TV Thunder Public Company Limited is a television production company in Thailand. The company was founded by Sompong Wannapinyo in 1992, and was listed on the Stock Exchange of Thailand in 2014. Patraporn Wannapinyo has been its chairman, executive president and CEO since 2012. The company has several subsidiaries, including Creatist Media Co., Ltd. (advertising) and EM Entertainment (artist management).

== History ==

TV Thunder emerged after Sompong Wannipinyo, the former chairman of Kita Records, sold the business. Four shows currently have their own studios, and more than 200 programmes, including drama, sitcoms, game shows, quiz shows, documentaries, variety shows and talk shows, are broadcast on Thai television stations including Radio Stations Army Television Channel 5, TV BBTV Channel 7, TV Thailand TV Channel 3, television Modern Nine, ITV, TV rights TV, television PPTV.
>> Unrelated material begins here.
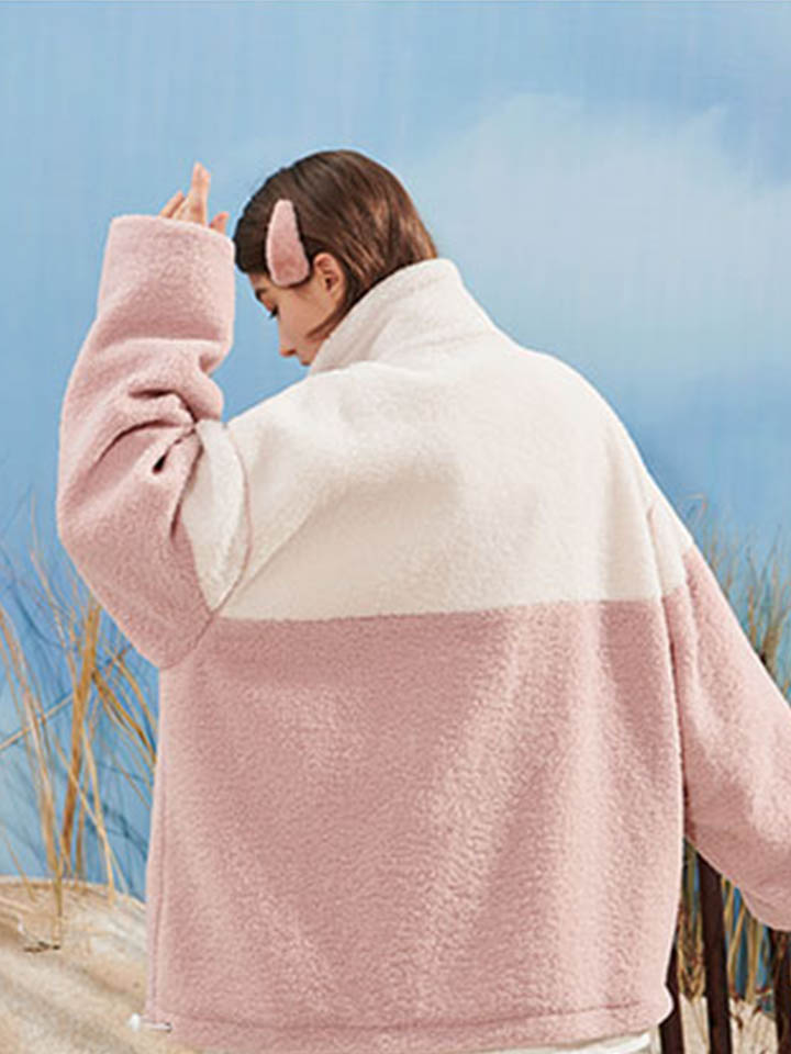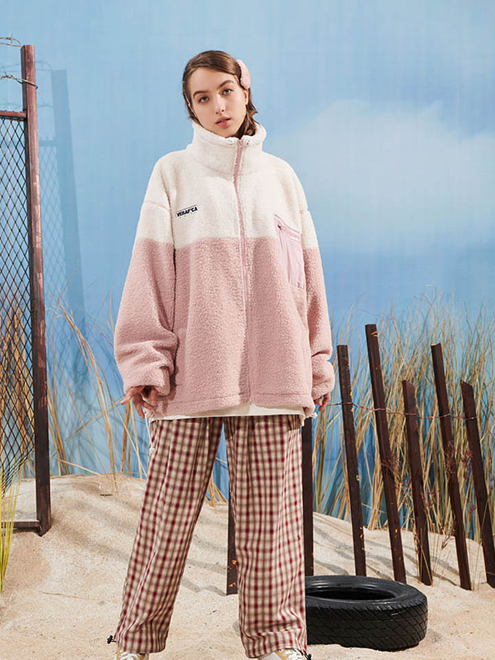 这款夹克外套选用了甄选的羊羔绒面料,保暖又舒适,厚实又轻盈的羊羔绒穿上身更显得慵懒。

TV Thunder owns a publishing business, Thunder Publishing; TVT Artist Management; and TVT Green Park Studio, located in Ladprao, Bangkok, which is currently the 5th largest studio in Southeast Asia.

== Artists ==

=== Actors ===

- Tul Pakorn Thanasrivanitchai (1992)
- Max Nattapol Diloknawarit (1994)
- Simon Kessler (1990)
- Yimkey Kamolwacharathum Suvitayawat (1998)
- Putter Dechphisit Jarukornapiwat (2002)
- Plan Rathavit Kijworalak (1997)

=== Actresses ===

- Maengmum Pimnitchakun Bumrungkit (1995)
- May Matinee Junsoy (1988)
- Muse Alraphatsaya Suksai (1995)

== Affiliates ==

- Creatist Media
- Thunder Studio
- EM Entertainment

== Works ==

=== TV programs ===

==== Game show/quiz show ====

- Transfer Rum Game (1993–1997) Channel 3
- Master Key For Ever (1994–2000), Channel 3
- Master Key The Winner (2001–2002) Channel 3
- Master Key four (2002–2004) 3.
- Master Key 10 Years Gold (2004) Channel 3
- Master Key of Fun (2005–2007) Channel 3
- Master Key Thailand (2007–2008) Channel 3
- Master Key duo music (1 March 2008 – 4 March 2011) 3.
- Master Key Stage gold box (2017) Channel 3
- Master Key Stage Call for a Cause of avalanche (2017–present) Channel 3
- Eat with the game (1996–2001) Channel 5
- Battle of the Cube (about 1994 – 1997) Channel 9
- Cyber Games (1997–1998) Channel 3
- Thank you Games (1998) Channel 3
- Win a secret code (2541–2545) 3.
- I'm with you (1998–1999) Channel 3
- Little Knight (about 1999) Channel 3
- Game of the Year (2000–2001) Channel 3
- Wade led the actor (2000–2004) 3.
- Big Game (about 2002 – 2004) Channel 3
- Love Overflow (2003–2004) ITV Channel
- Crazy Star STAR FEVER (about 2004 – 2005) Channel 3
- The Hero of the Twenties (2005–2006) Channel 5
- Street Fight Game (2006) Channel 3
- Couple of Games (2007) Channel 5
- Out a Thailand Me a Take for (2011–present) 3
- (acquisition of licenses. FremantleMedia Produced with Creed Media)
- Take Guy Out Thailand (2016, 2016 and 2018). Watch through the Live TV application .
- Ono Duel Game Show (Channel 5)
- Golden mask (2012) Modern nine channels
- Money Bags Million (2012–2014) Channel 5
- Woman's Voice is the heart of the selection (2012–2013) Modern nine channels.
- Woman's Voice Mission Conquest (2013) Modern Nine TV Channel
- Family Fighting Games (2013), Modern Nine TV and Channel 5
- (buy Fuji Television Network license)
- Sing the San Luang (2014–2015) Channel TV.
- Who's asking Thailand Public debate (2015–2012) TV channel
- (Purchase of copyright from Armoza Formats)
- Hidden Singer Thailand Mike Secrets (2015 and 2016) Channel 3
- (NBC Universal purchased by Creation Media)
- The Price is Right Thailand The Price is Right (2015–2022)
- (Purchase of copyright from FremantleMedia)
- Ghost Town Game – Hidden – Ghost (2018) Watched through the application TV line.
- Big Heads Thailand Head of the Big City (2018) Channel One
- (purchased from Sony Picture Television)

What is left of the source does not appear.